## [Recorded data]
______________________________

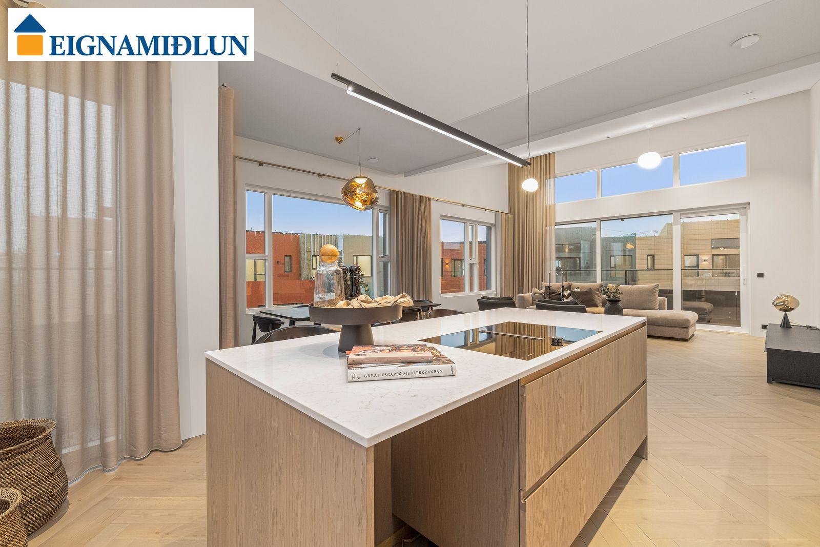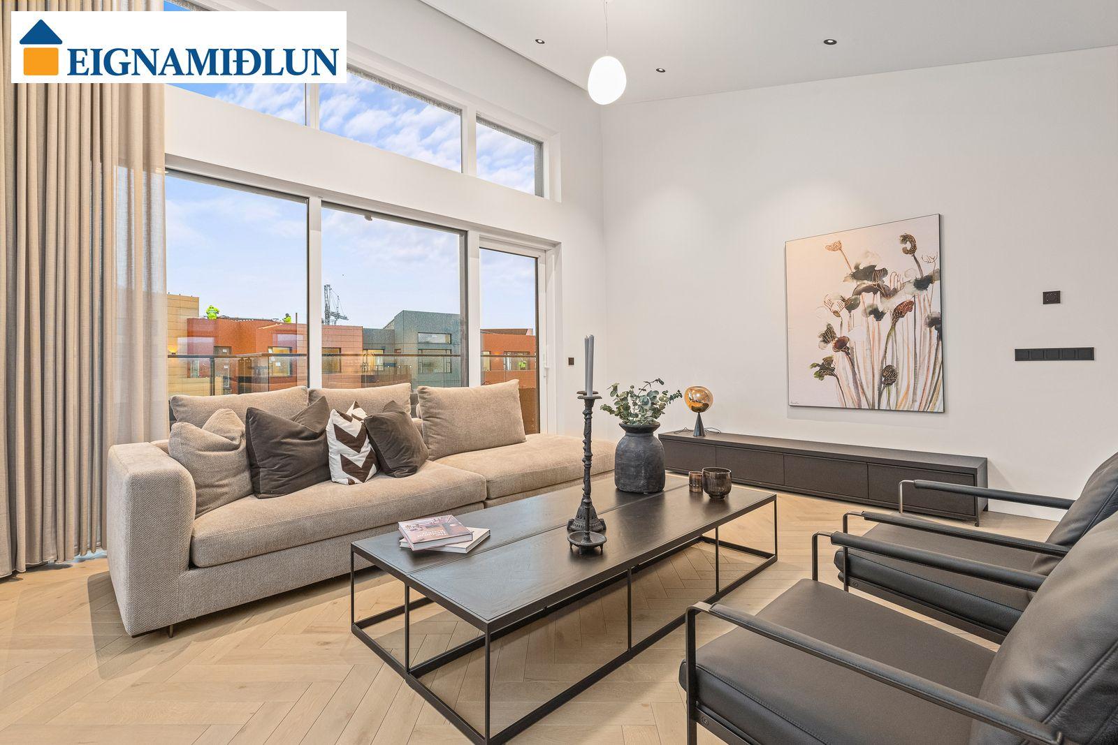 Nánari upplýsingar gefur: Brynjar Þór Sumarliðason, löggiltur fasteignasali í síma 896-1168 eða brynjar@eignamidlun.isOpinber skráning eignar: Íbúð merkt 04-10 er vönduð fjögurra herbergja íbúð. Fastanúmer eignar: 253-4912. Birt flatarmál er 193.4 fm með sérgeymslu í sameign og bílskúr. Íbúðinni fylgja tvö stæði í bílageymslu.
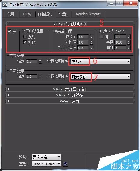 4、下面,間接照明——打開間接照明——在一次反彈里面選擇“發(fā)光圖”——在二次反彈里面選擇“燈光緩存”。
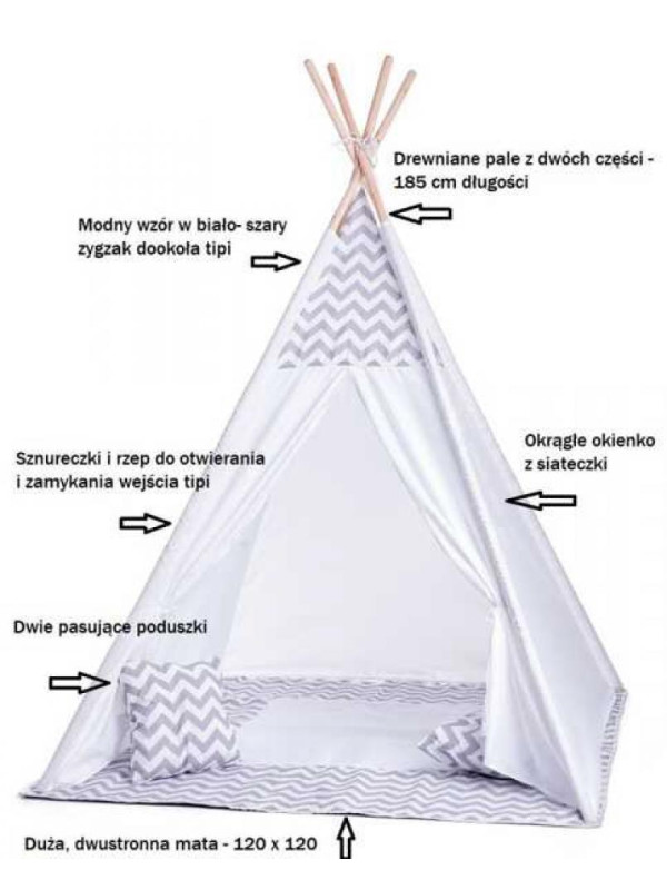 Nasz tipi, wykonany z dbałością o szczegóły, wyróżnia się biało-szarym wzorem zygzaka i neutralnymi kolorami, które doskonale wpisują się w nowoczesne wnętrza. Wysokość namiotu w najwyższym punkcie wynosi około 130 cm, co sprawia, że jest przestronny i wygodny dla dzieci.

______________________________

## [Activity]
Leaving out the pictures, reproduce the whole listing above exactly.

## [Answer to this exercise]
 Nánari upplýsingar gefur: Brynjar Þór Sumarliðason, löggiltur fasteignasali í síma 896-1168 eða brynjar@eignamidlun.isOpinber skráning eignar: Íbúð merkt 04-10 er vönduð fjögurra herbergja íbúð. Fastanúmer eignar: 253-4912. Birt flatarmál er 193.4 fm með sérgeymslu í sameign og bílskúr. Íbúðinni fylgja tvö stæði í bílageymslu.
 4、下面,間接照明——打開間接照明——在一次反彈里面選擇“發(fā)光圖”——在二次反彈里面選擇“燈光緩存”。
 Nasz tipi, wykonany z dbałością o szczegóły, wyróżnia się biało-szarym wzorem zygzaka i neutralnymi kolorami, które doskonale wpisują się w nowoczesne wnętrza. Wysokość namiotu w najwyższym punkcie wynosi około 130 cm, co sprawia, że jest przestronny i wygodny dla dzieci.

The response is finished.